Pairing of electrons in an artificial atom leads to a breakthrough
A team of physicists from Hamburg University has made a breakthrough in the field of quantum physics by observing a rare state of matter that was predicted by Japanese theorists more than half a century ago.
Machida-Shibata state
The state, known as the Machida-Shibata state, involves the pairing of electrons in an artificial atom on the surface of a superconductor. The discovery, published in the journal Nature, could have implications for the development of nanostructured electronic devices and quantum computers.
Electrons are negatively charged particles that usually repel each other. This affects the properties of many materials, such as their electrical resistance. However, under certain conditions, electrons can form pairs and behave like bosons, which are particles that can occupy the same space or have the same motion.
When this happens, the material can exhibit superconductivity, which means that it can conduct electricity without any resistance. Superconductivity has many important applications in technology, such as magnetic resonance imaging or highly sensitive detectors for magnetic fields.
Superconductivity in the smallest possible unit
The researchers from Hamburg University managed to induce superconductivity in the smallest possible unit: a quantum dot, which is an artificial atom that can trap electrons in a tiny space. They did this by creating quantum dots from silver atoms and coupling them to a superconductor made of lead. By tuning the number of electrons in the quantum dots, they were able to observe the formation of electron pairs and measure their energy spectrum.
The experimental results matched the theoretical predictions made by Kazushige Machida and Fumiaki Shibata in the early 1970s. They proposed that electron pairs in quantum dots coupled to superconductors would have a special state with a very low energy peak. This state had never been directly detected before, despite its relevance for understanding quantum phenomena at the nanoscale.
The researchers also found out that the Machida-Shibata state could be useful for reducing noise in transmon qubits, which are essential components of modern quantum computers. This was confirmed by recent work from researchers from the Netherlands and Denmark.

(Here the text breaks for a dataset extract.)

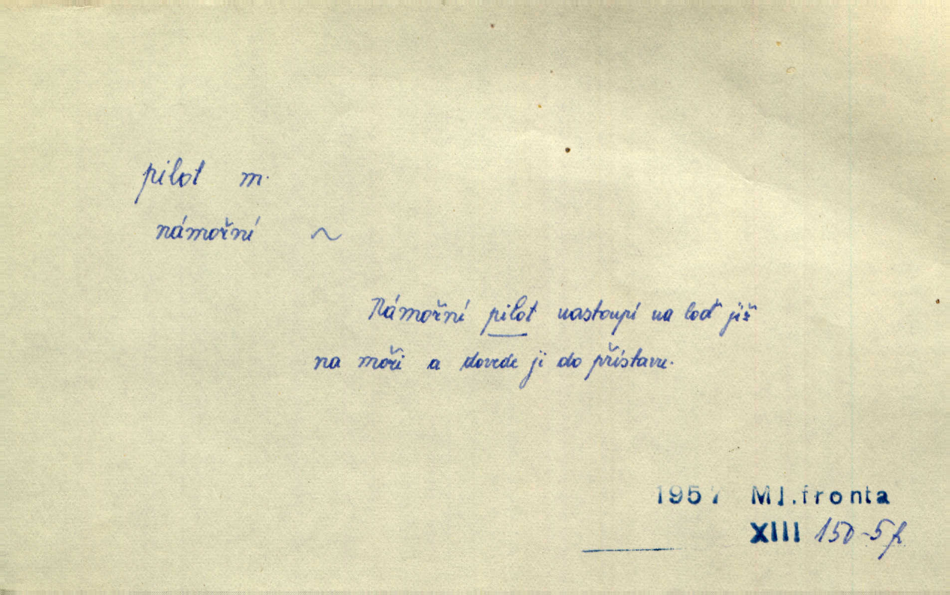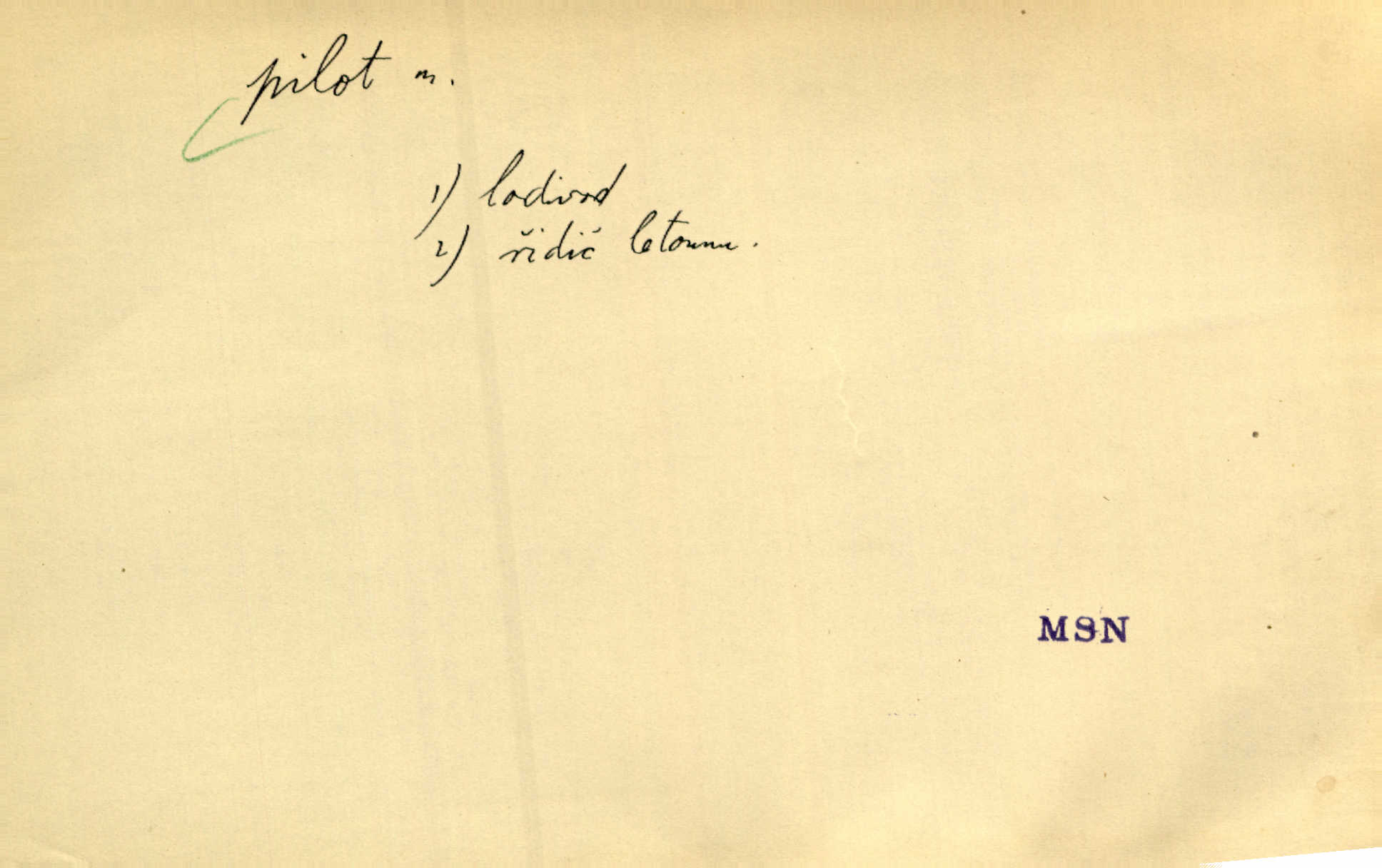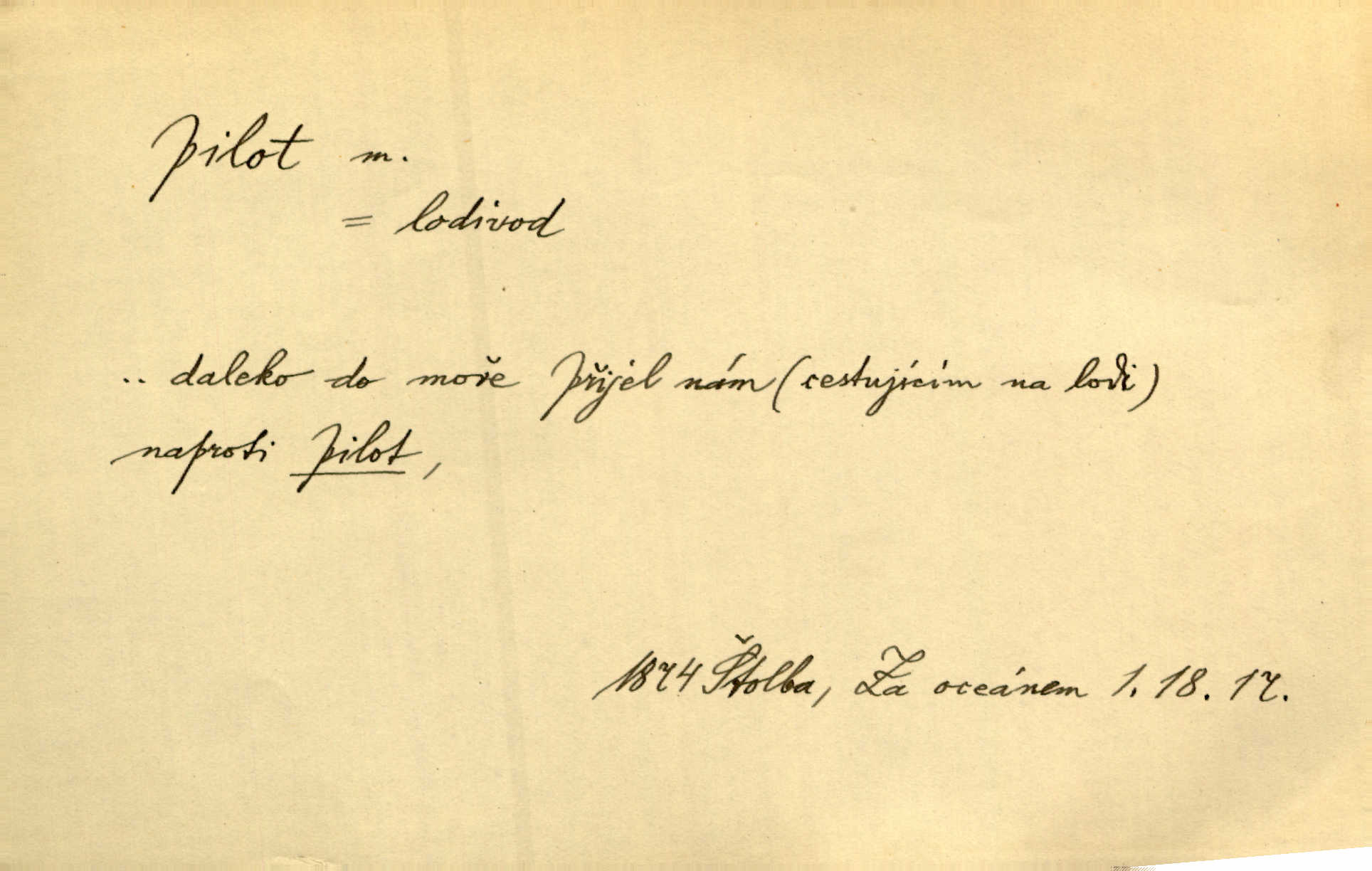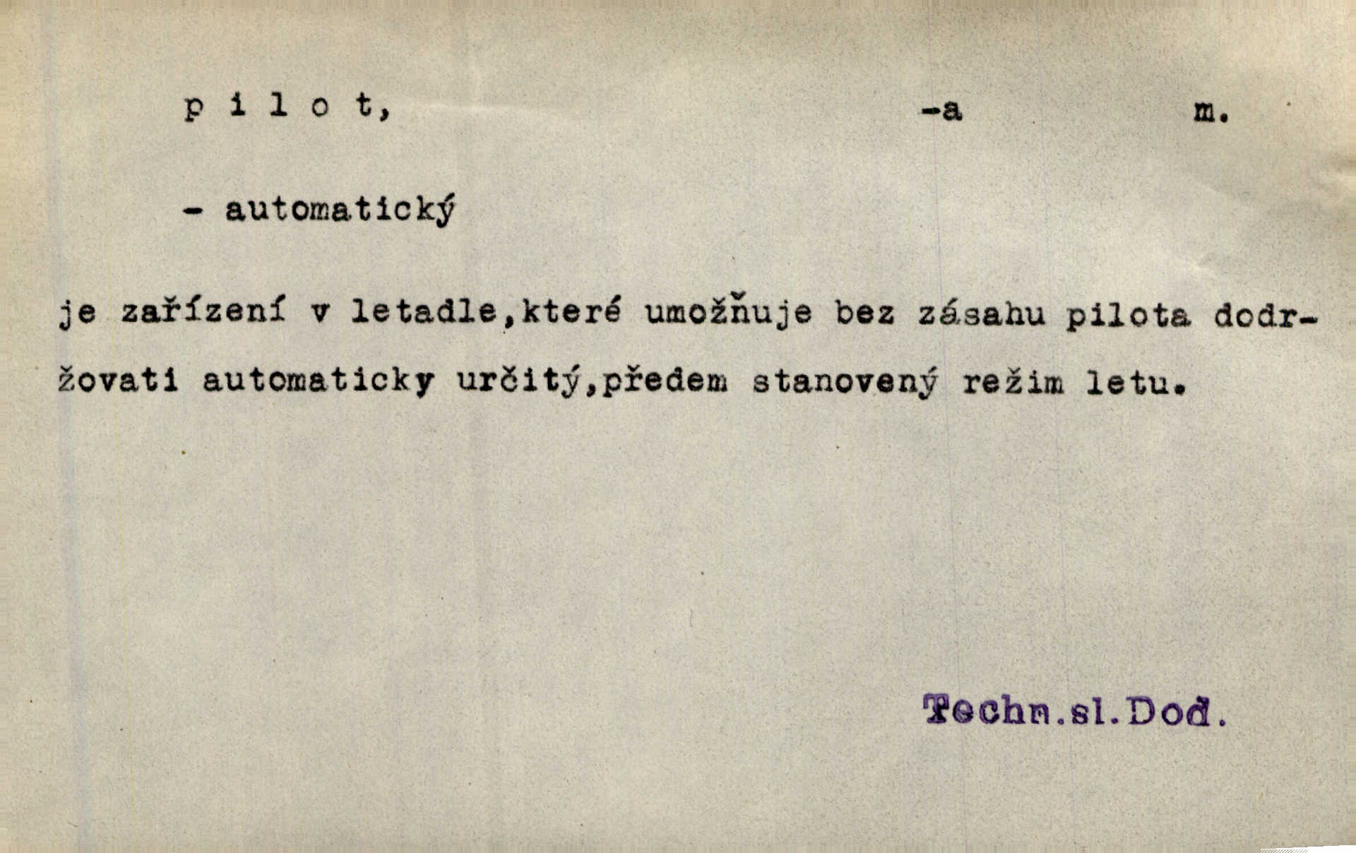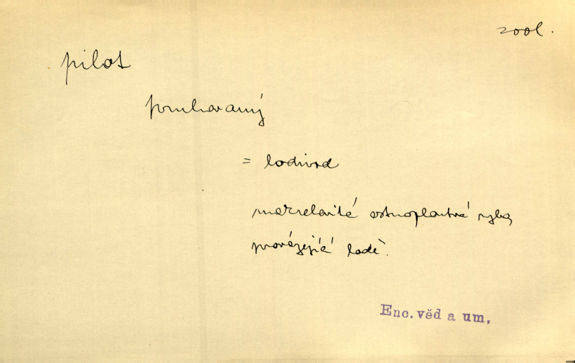 - pilot, -a m. řidič letadla. Machar v šedesáti letech vstupuje na aeroplán, aby dodal chuti mladým pilotům. Čes. sl. D Zast. lodivod. Daleko do moře přijel nám naproti pilot. Štol. Sám sobě pilotem a sám být pevnou lodí, nechť přijde kdokoli. Vrch. D Zool. pilot pruhovaný ryba z čeledi Crangidae, Naucrates ductor. Žel. zvláštní zaměstnanec doprovázející vlak po jistých úsecích a obeznámený s místními poměry.

In an email to the first author of the paper, Dr. Lucas Schneider, Kazushige Machida expressed his gratitude for “discovering” his old paper and verifying it experimentally after 50 years. He wrote: “I thought for a long time that transition metal non-magnetic impurities produce the in-gap state, but the location of it is so near the superconducting gap edge, thus it is impossible to prove its existence. But by your ingenious method, you have finally checked it to be true experimentally”.
The study was published in the journal Nature
Study abstract:
Gapless materials in electronic contact with superconductors acquire proximity-induced superconductivity in a region near the interface. Numerous proposals build on this addition of electron pairing to originally non-superconducting systems and predict intriguing phases of matter, including topological, odd-frequency, nodal-point, or Fulde–Ferrell–Larkin–Ovchinnikov superconductivity. Here we investigate the most miniature example of the proximity effect on only a single spin-degenerate quantum level of a surface state confined in a quantum corral11 on a superconducting substrate, built atom by atom by a scanning tunneling microscope. Whenever an eigenmode of the corral is pitched close to the Fermi energy by adjusting the size of the corral, a pair of particle–hole symmetric states enter the gap of the superconductor. We identify these as spin-degenerate Andreev bound states theoretically predicted 50 years ago by Machida and Shibata, which had—so far—eluded detection by tunnel spectroscopy but were recently shown to be relevant for transmon qubit devices. We further find that the observed anticrossings of the in-gap states are a measure of proximity-induced pairing in the eigenmodes of the quantum corral. Our results have direct consequences on the interpretation of impurity-induced in-gap states in superconductors, corroborate concepts to induce superconductivity into surface states, and further pave the way towards superconducting artificial lattices.